Therefore, in this study, we aimed to evaluate the effects of different water management on ratoon rice grain yield and its quality. To evaluate ratoon rice grain yield, we used the 15N isotope-traced fertilizer to measure the effects of different water management on the rate and amount of nitrogen uptake from the soil. This isotopic study method is commonly used to determine N utilization from the fertilizer by plants. By understanding the mechanisms underlying the transport of 15N to various parts of the plant, we evaluated how different water management could possibly influence the transport inside the rice plants.


2.1. Experimental Site and Plant Material

The experiment was conducted from March–October 2021, in an open-air steel frame building covered in wire netting to protect the plants from birds, at the School of Agriculture, Meiji University, Kawasaki, Kanagawa, Japan (35°61′N, 139°54′E). We used Akitakomachi rice in this study, as it is one of the early maturing varieties in Japan, thus suitable for ratooning.

2.2. Experiment Setup

The seeds were sown on March 11, 2021, and transplanted on April 14, 2021, into a 1/5000-a Wagner pot with three seedlings per pot, all filled with 3.5 kg of artificial culture soil. NPK (6 g/m2 each) was applied as basal fertilizer, and N (3 g/m2) was applied 50 days after transplanting. These pots were installed in a concrete container (3 m long × 3 m wide × 0.3 m deep) filled with water and left flooded throughout the main crop’s cultivation period. The water management for the main crop was the same as that for the control across all plots, with the water level maintained at 5 cm aboveground. Once the saplings matured, the cutting height for ratooning was set at 30 cm, and 5% 15N2 Ammonium Sulfate (3 g/m2) (Cambridge Isotope Laboratories, Inc.) was applied to the main crop. The experiment plot for ratoon cropping was divided into three treatments control treatment (CT), underground water treatment (UWT), and deep water treatment (DWT). Sixteen pots were used per treatment, 48 pots in total. These water management were conducted only after the first harvest, during the ratooning season. In CT, the water level was always maintained at 5 cm aboveground. In UWT, the water level was maintained at 12 cm below the soil surface. In DWT, the cultivation pots were placed inside a 50 cm deep pool and the water level was maintained at 20 cm aboveground. Water management during the main crop season was the same as CT for all the pots. With the onset of the ratoon season, the main crop was harvested and these three water managements were implemented.

2.3. Data Sampling

2.3.1. Air and Water Temperature

Air temperature was measured with a thermometer (TR-52i; T&D Corp., Matsumoto, Japan) at 1.2 m aboveground. Water temperature was measured with the same thermometer, which was wrapped in a waterproof case and kept underwater throughout the cultivation period. The input data of the average temperature were from the data collected by the Japan Meteorological Agency based in the Fuchu Observatory, during the cultivation period (April–November 2021).

2.3.2. Plant Growth Characteristics

During the main crop season, different growth parameter data were collected. The plant height, tiller number, and leaf chlorophyll index (SPAD value measured using SPAD-502 Plus, Konica Minolta, Inc.) were measured for six pots per treatment, at 50 days after sowing, and during harvest for both, the main crop and the ratoon season. In addition, during the ratoon season, starting a week after the harvest of the main crop, the newly formed ratoon tiller numbers were counted once a week, until the ratoon harvest.
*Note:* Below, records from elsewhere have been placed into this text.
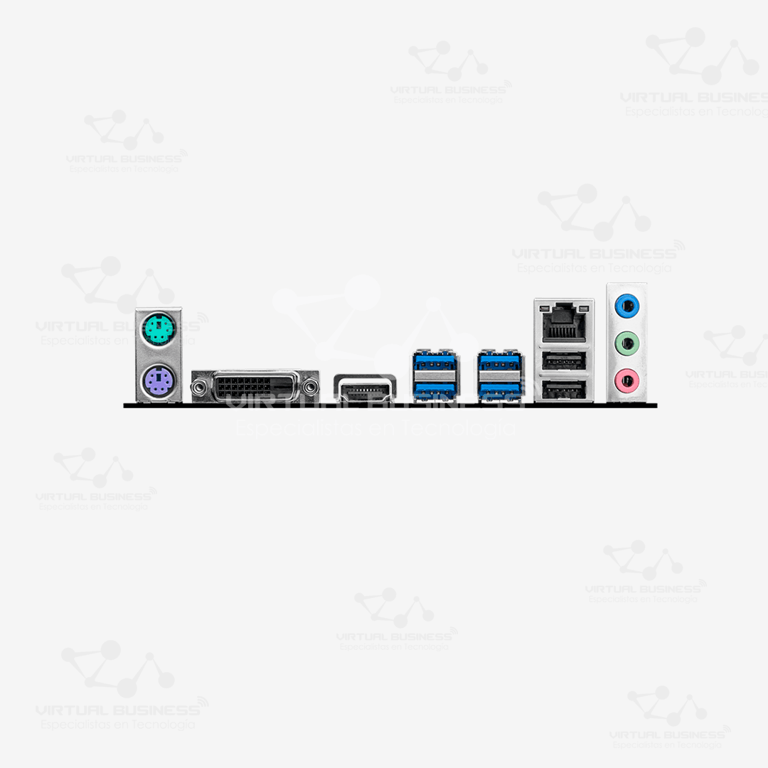 La placa base ofrece múltiples opciones de conectividad, incluidos puertos USB 3.2 Gen 1 que permiten transferencias rápidas de datos. También dispone de ranuras M.2, que proporcionan soporte para unidades SSD de alta velocidad, acelerando el arranque del sistema y reduciendo los tiempos de carga de las aplicaciones. Las salidas de video VGA y HDMI ofrecen flexibilidad para conectar diferentes monitores.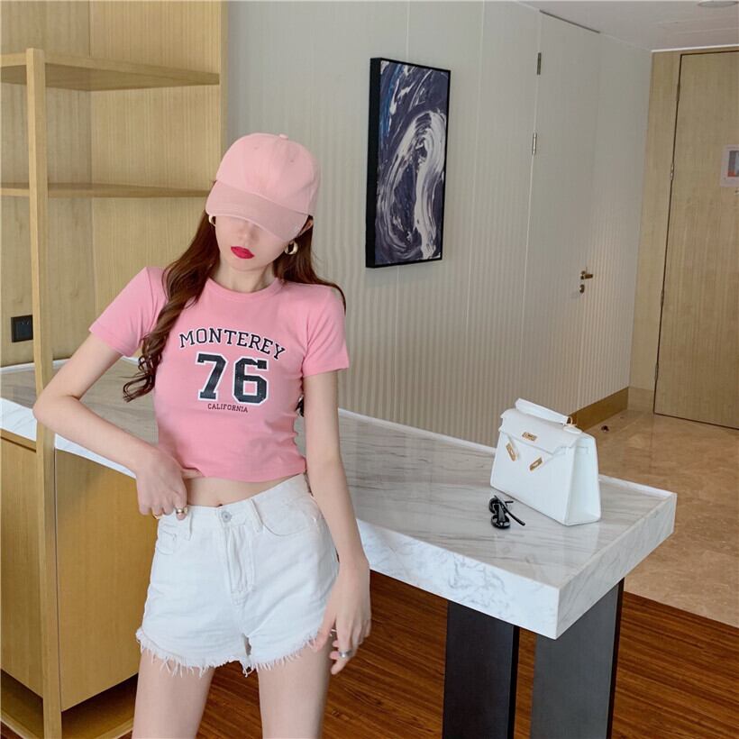 ショートトップス サマースリムプリントTシャツ 半袖 ハーフスリーブ 夏物 Xiaofeijia83721408197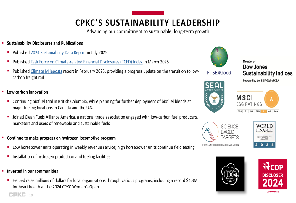The company also highlighted its sustainability leadership, continuing to make progress on its hydrogen locomotive program and investing in communities across its network.

2.3.3. Biomass, Yield and Yield Components

For the data of the main crop and ratoon crop’s yield and yield components, we used two and four pots, respectively. Plant components were divided into panicles, leaves, stems, and withered parts. The grains in the panicles were separated from the panicle stem, buoyancy was used to separate the empty grains from the filled grains, and these three factions were then weighed. All components were dried in an oven for 72 h at 80 °C. The dried components were then weighed to calculate the aboveground biomass weight. These data were then used to quantify the number of panicles per pot, number of spikelets, percentage of ripened grains, 1000-grain weight, aboveground biomass, and grain yield.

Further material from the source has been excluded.